CAPE CANAVERAL Air Station, Fla., July 22, 1997 – A Lockheed Martin Atlas IIAS rocket is undergoing final preparations at Cape Canaveral Air Station (CCAS), FL, to launch the Superbird-C communications satellite for Space Communications Corporation (SCC) of Japan. Superbird-C will be launched from Complex 36B on 25 July at the opening of a 40-minute launch window that extends from 8:54 to 9:34 p.m. EDT. This will be the fourth Atlas launch of 1997 from CCAS following the successful launches of AC-127/JCSAT-4 on 16 February, AC-128/TEMPO on 8 March, and AC-79/GOES-K on 25 April.

The launch vehicle used for this mission, designated AC-133, is an Atlas IIAS, the most powerful of the Atlas family presently flying.

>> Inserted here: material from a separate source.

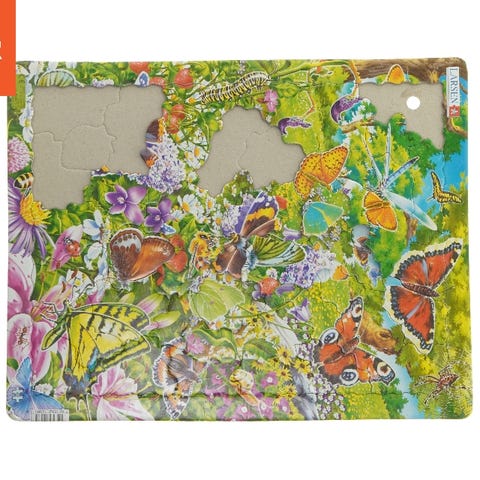 Puslespil med 63 brikker, der danner et motiv af søde katte og sommerfugle ved blomster. Puslespillet er farverigt og designet til at udvikle finmotorik samt logisk tænkning. Produktet er egnet til børn fra 6 år og kommer i en lilla kasse med en afsluttet størrelse på ca. 31 x 23 cm.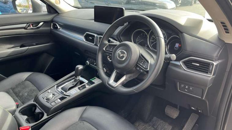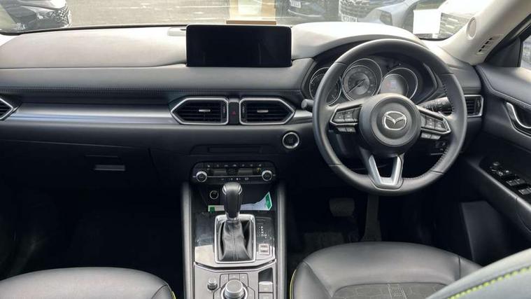 10.25" display with Mazda Connect infotainment, Advanced blind spot monitoring, Apple car play/Android Auto, Bluetooth connectivity with voice control, Collision prevention assist, Connected services, Cruising Traffic Support, Drive mode selector, Electric power steering, Emergency stop signalling system, Engine start/stop button, Forward collision warning, Front and rear parking sensors, High meter TFT display, Integrated navigation system, Intelligent speed assist, Lane departure warning system, Lane keep assist, Radar cruise control with Stop and Go, Service indicator, Trip computer, i-stop, 2 USB sockets in rear, 2x USB sockets in front, 6 speakers, AM/FM radio, Bluetooth audio streaming, DAB Digital radio, Multimedia Commander including separate volume dial, Steering wheel mounted audio controls, Adaptive front lighting system, Auto dimming rear view mirror, Automatic headlights, Black mirror caps, Body colour roof spoiler, Body coloured front and rear black lower bumper mouldings, Bright finish signature wing, Coming/leaving home lighting function, Door mirror integrated indicators, Dual chrome tailpipes, Dusk sensitive headlamps, Electric front/rear windows with one touch auto up/down, Front and rear silver under garnish and side skirt, Front and rear silver under guard and side garnish, Front grille in material black finish, High beam assist, Intermittent rear wash/wipe, LED auto levelling, LED daytime running lights, LED front fog lights, LED Headlights, LED third brake light, Lime green air vent louvre inlay dashboard panel, Lime green front grille accent color, Louver bezel inner lime green accent, Power folding and heated door mirrors, Privacy glass (rear side windows only), Rain sensing front wipers, Rear side wing doors, Satin black B and C pillars, Satin black side mouldings, Scuff plates, Shark fin antenna, Signature LED rear combination lights, Vinyl with lime green door trim panel, 12v electrical power outlet, 3 seat bench in 2nd row, 3 stage heated front seats, 40:20:40 Karakuri fold-flat seat system, 6 way power adjustable driver seat, Driver seat lumbar adjustment, Driver seat power slide, recline and height adjustment, Driver, Front passenger and two rear grab handles with coat hooks, Driver/passenger front seatback pockets, Driver/passenger sunvisors + illuminated vanity mirrors (drivers with ticket holder), Dual zone climate control, Folding centre armrest with 2 cup holders, Front and rear door pockets, Front centre storage with two cupholders, Front passenger seat manual slide, recline and height adjust, Height adjustable passenger seat, Humidity sensor, Illuminated glovebox, Interior dome light with integral spotlight, ISOFIX child seat anchorage points attached on outer rear seats, Karakuri tonneau cover, Leather wrapped steering wheel and gear knob, Leatherette door trim, Leatherette/suede upholstery, Light roof lining, Luggage compartment LED lighting, Luggage compartment power outlet, Rear air vents, Rear headrests, Rear seat recline, Reversible waterproof cargo board, Roof mounted sunglasses holder, Single front passenger seat, Three height adjustable head restraints, Tilt/height adjustable steering wheel, White interior LED illumination lighting, 3 point front seatbelts with pre-tensioners, 3 rear 3 point seatbelts, ABS, Advanced Smart City Brake Support - SCBS, Child locks on rear doors, Driver and front passenger side airbags, DSTC-Dynamic Stability and Traction Control, Dual front airbags, Electronic brake force distribution, Electronic parking brake with auto hold, ESP, Front and rear curtain airbags, Front passenger airbag deactivation, G-Vectoring control, Hill hold assist, Seatbelt reminder front and rear, Single stage passenger airbags, Smart brake support with forward obstruction warning, Tyre pressure monitoring system, Automatic door locking when moving off, Deadlock, Immobiliser, Power door locks, Remote central locking, Thatcham Cat.1 alarm, 19" diamond cut black alloy wheels, Tyre repair kit,

Atlas IIAS is capable of placing payloads of up to 3,719 kg (8,200 lbs) into geosynchronous transfer orbit (GTO). For this mission, AC-133 will lift the approximately 3,130-kg (6,902-lb) Superbird-C satellite to a supersynchronous transfer orbit with an apogee of at least 80,000 kilometers (approximately 43,197 nautical miles). The satellite will use its on-board propulsion system to achieve final geostationary orbit.

Superbird-C will join Superbird A and B, which are already on orbit, in providing communications services to a wide variety of SCC’s private-sector and government customers in Japan and the Asia Pacific region. Located at 144 degrees East longitude, Superbird-C will expand the services and coverage area SCC offers to its customers. Superbird-C, an HS 601 design, was built for SCC by Hughes Space & Communications of El Segundo, CA.

Atlas and the Centaur upper stage are built by Lockheed Martin Astronautics at facilities in Denver, CO; San Diego, CA; and Harlingen, TX. Astronautics is one of four operating elements of the corporation’s Space & Strategic Missiles Sector headquartered in Bethesda, MD. Major suppliers to the Atlas program include Rocketdyne, a division of Boeing North American, located in Canoga Park, CA, Atlas MA-5A engines; Pratt & Whitney, located in West Palm Beach, FL, Centaur upper stage RL-10 engines; Honeywell Space Systems of Clearwater, FL, inertial navigation unit; and Thiokol Corp. of Ogden, UT, Castor IVA solid rocket boosters.

Launch operations are provided by Lockheed Martin Astronautics at Cape Canaveral Air Station, Complex 36. Customer interface and launch vehicle mission management are provided by International Launch Services, San Diego, CA, formed in 1995 to jointly market Atlas and the Russian-built Proton launch services to the international and domestic satellite industry.